━━ Data for the task ━━

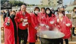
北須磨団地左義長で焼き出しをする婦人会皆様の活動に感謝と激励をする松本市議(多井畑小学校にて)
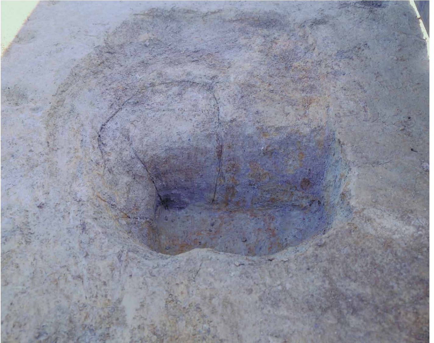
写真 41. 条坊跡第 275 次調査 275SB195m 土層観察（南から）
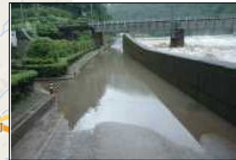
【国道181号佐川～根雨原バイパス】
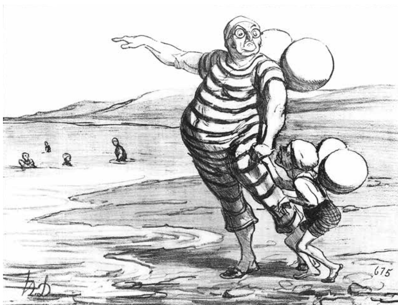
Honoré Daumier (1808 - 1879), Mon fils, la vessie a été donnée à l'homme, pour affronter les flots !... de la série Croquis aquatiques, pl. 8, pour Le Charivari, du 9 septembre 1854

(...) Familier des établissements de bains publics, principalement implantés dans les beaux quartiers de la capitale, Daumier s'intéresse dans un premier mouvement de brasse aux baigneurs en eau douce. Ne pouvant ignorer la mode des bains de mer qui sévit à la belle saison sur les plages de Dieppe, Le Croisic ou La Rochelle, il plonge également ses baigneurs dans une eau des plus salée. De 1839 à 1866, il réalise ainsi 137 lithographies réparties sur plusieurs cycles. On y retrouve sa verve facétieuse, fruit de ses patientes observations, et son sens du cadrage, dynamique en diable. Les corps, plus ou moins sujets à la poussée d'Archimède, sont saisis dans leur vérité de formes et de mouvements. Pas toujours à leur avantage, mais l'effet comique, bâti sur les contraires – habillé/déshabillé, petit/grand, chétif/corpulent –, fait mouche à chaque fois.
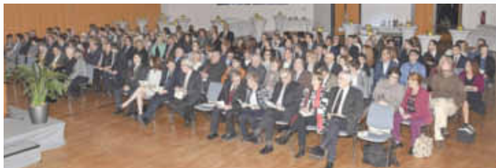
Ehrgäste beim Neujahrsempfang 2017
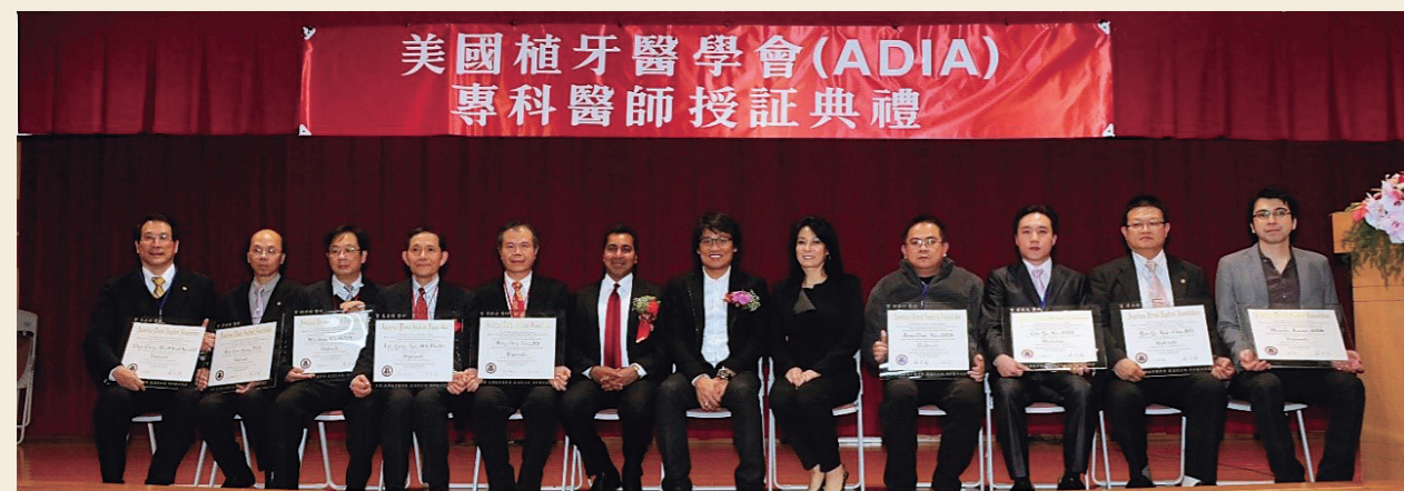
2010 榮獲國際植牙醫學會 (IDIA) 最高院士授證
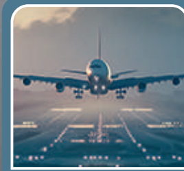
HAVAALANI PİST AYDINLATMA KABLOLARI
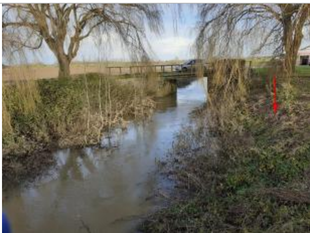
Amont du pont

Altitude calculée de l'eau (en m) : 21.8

━━━

What is expected
Repeat each entry precisely as it appears. Leave the pictures out.

Exercise output
北須磨団地左義長で焼き出しをする婦人会皆様の活動に感謝と激励をする松本市議(多井畑小学校にて)
写真 41. 条坊跡第 275 次調査 275SB195m 土層観察（南から）
【国道181号佐川～根雨原バイパス】
Honoré Daumier (1808 - 1879), Mon fils, la vessie a été donnée à l'homme, pour affronter les flots !... de la série Croquis aquatiques, pl. 8, pour Le Charivari, du 9 septembre 1854

(...) Familier des établissements de bains publics, principalement implantés dans les beaux quartiers de la capitale, Daumier s'intéresse dans un premier mouvement de brasse aux baigneurs en eau douce. Ne pouvant ignorer la mode des bains de mer qui sévit à la belle saison sur les plages de Dieppe, Le Croisic ou La Rochelle, il plonge également ses baigneurs dans une eau des plus salée. De 1839 à 1866, il réalise ainsi 137 lithographies réparties sur plusieurs cycles. On y retrouve sa verve facétieuse, fruit de ses patientes observations, et son sens du cadrage, dynamique en diable. Les corps, plus ou moins sujets à la poussée d'Archimède, sont saisis dans leur vérité de formes et de mouvements. Pas toujours à leur avantage, mais l'effet comique, bâti sur les contraires – habillé/déshabillé, petit/grand, chétif/corpulent –, fait mouche à chaque fois.
Ehrgäste beim Neujahrsempfang 2017
2010 榮獲國際植牙醫學會 (IDIA) 最高院士授證
HAVAALANI PİST AYDINLATMA KABLOLARI
Amont du pont

Altitude calculée de l'eau (en m) : 21.8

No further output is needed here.